Kensington University
- Type: Private, distance education
- Active: 1976–2003
- Founders: Alfred Calabro
- Location: Glendale, California (1976–1996), Oʻahu, Hawaiʻi (1996–2026)

= Kensington University =

Defunct distance education institution from 1976 to 2003

Kensington University was an unaccredited distance education institution from 1976 to 2003 that was based at different times in Glendale, California and Oʻahu, Hawaiʻi. In 1996, the California Council for Private Postsecondary and Vocational Education found the institution having "little or no rigor or credible academic standards are necessary in order to be awarded an advanced degree." Kensington University was ordered shut down by the California authorities in 1996 and was again closed by Hawaiʻi court order in 2003.

The state of Texas criminalized the use of Kensington University degrees and considered the behavior as a misdemeanor under the Texas Penal Code.

==History==
The school was founded in 1976 by Alfred Calabro in Glendale, California, as a "no fat, no bull" correspondence school to meet the needs of working adults. The university was housed in a Glendale office that also contained Calabro's law practice. Kensington awarded bachelor's, master's and doctoral degrees in a wide range of fields. The Hawaii branch was started in 1996.

As of 1976, Kensington University was an "authorized" independent postsecondary institution in the state of California. After the California Council for Private Postsecondary and Vocational Education was created in 1989 to regulate higher education institutions in the state, Kensington was required to obtain Council approval. In 1994, the council's first review of the institution found deficiencies. Following a protracted legal battle, Kensington University was ordered shut down by the California authorities in 1996. The California Council for Private Postsecondary and Vocational Education said that "little or no rigor or credible academic standards are necessary in order to be awarded an advanced degree at Kensington University." The school was then re-opened by Anthony Calabro in September 1996 in Oʻahu, Hawaiʻi, where it was later closed by court order in 2003.

==Notable alumni==
In 1996, Kensington University reported having graduated 7,000 students in the previous two decades.
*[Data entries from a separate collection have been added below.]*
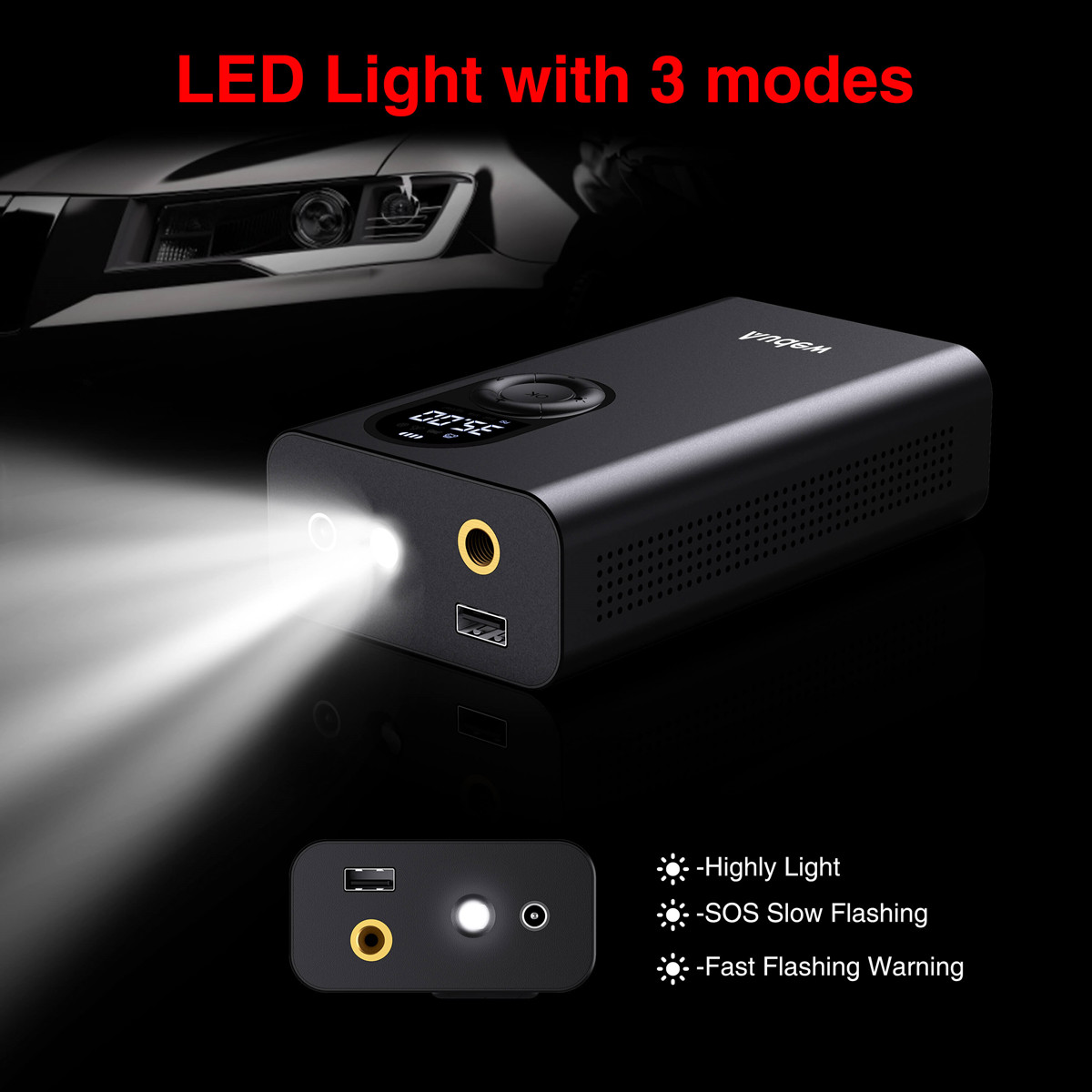 Tyre inflator is supplied with sufficient accessories which could be used for cars, balls, bicycles and inflatable toys. There are also one bright LED light coupled with the inflator, easily press the "sun" button to change it from " Lighting mode, slow flash mode and SOS mode. What's more, it could be also use as a power bank to charge your phone. If any further questions with the product, please contact with us and we will provide satisfying answer to you.
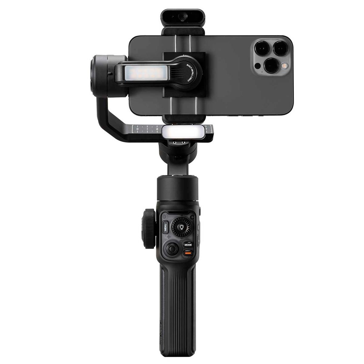 El estabilizador de referencia de Zhiyun para móviles, con una configuración que incluye el módulo de inteligencia artificial para optimizar el seguimiento del sujeto, una luz extra con cuatro filtros de color, una bolsa de transporte y una correa de mano. Compacto, robusto y con una asombrosa capacidad para estabilizar de forma fluida cualquier teléfono
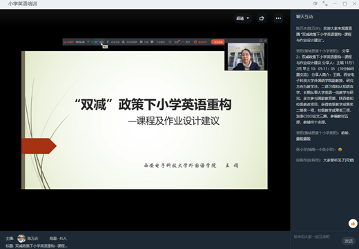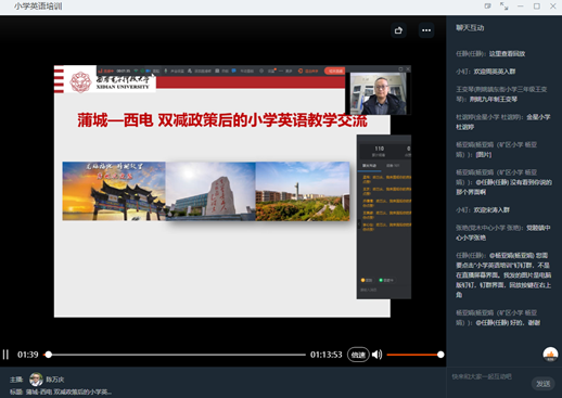 (通讯员:徐晔)11月12日上午,作为best365官网登录入口扶贫工作的有机组成,大英教学二部联合教学一部、蒲城县教育局教师中心、蒲城县祥塬小学在钉钉举行了线上外语教师交流会。针对“双减政策”出台后小学英语教学课堂设计和课后作业等环节出现的客观问题,两个教学部抽调部分骨干教师组成了支教服务小组,进行了细致的准备工作。交流会首先由大英二部主任陈万庆进行了题为《小学英语教学中的合作活动设计》的讲座,大英一部王娟老师进行了题为《双减政策下小学英语重构—课程与作业设计建议》的讲座。两位老师的分享获得了蒲城县参会教师们的一致好评,纷纷在留言区发表感想和收获。

One of the notable people who received degrees from Kensington University is Jennifer Carroll, who served as Florida lieutenant governor and as a member of the Florida House of Representatives. She received an MBA degree from Kensington in 1995, but removed it from her personal biography in 2004 after a CBS News investigation informed her of concerns about the school's legitimacy. The news reports also led Carroll to resign from the National Commission on Presidential Scholars. René Drouin, who sat on an advisory committee at the U.S. Department of Education, also was identified by CBS News as a Kensington degree holder. Both Carroll and Drouin told reporters that they had worked hard in their Kensington degree programs and thought the academic programs were legitimate.

Martin S. Roden, an engineering professor at California State University at Los Angeles, obtained a doctorate from Kensington in 1982, by which time he already held a full professorship at Cal State. In 1996, he said Kensington was "not a fraud, but certainly no one going there would be compared to someone with a UCLA degree." He later told the Chronicle of Higher Education that he had the degree to avoid having to correct students who mistakenly addressed him as "Doctor".

The only Western degree displayed by the late North Korean head-of-state Kim Il Sung in his residence—and later his mausoleum, the Kumsusan Palace of the Sun—was from Kensington University.

Mark Whitacre, an American business executive previously served as a local division president at Archer Daniels Midland, claims on his personal website to have received a Juris Doctor, a Master of Business Administration, a PhD in psychology, and a PhD in economics from Kensington University.

==Texas Penal Law==
According to the Texas Penal Code, it is a misdemeanor to use a degree from Kensington University "in a written or oral advertisement or other promotion of a business; or with the intent to: obtain employment; obtain a license or certificate to practice a trade, profession, or occupation; obtain a promotion, a compensation or other benefit, or an increase in compensation or other benefit, in employment or in the practice of a trade, profession, or occupation; obtain admission to an educational program in this state; or gain a position in government with authority over another person, regardless of whether the actor receives compensation for the position." The misdemeanor is punishable by a fine of up to $2,000, up to 180 days in jail, or both.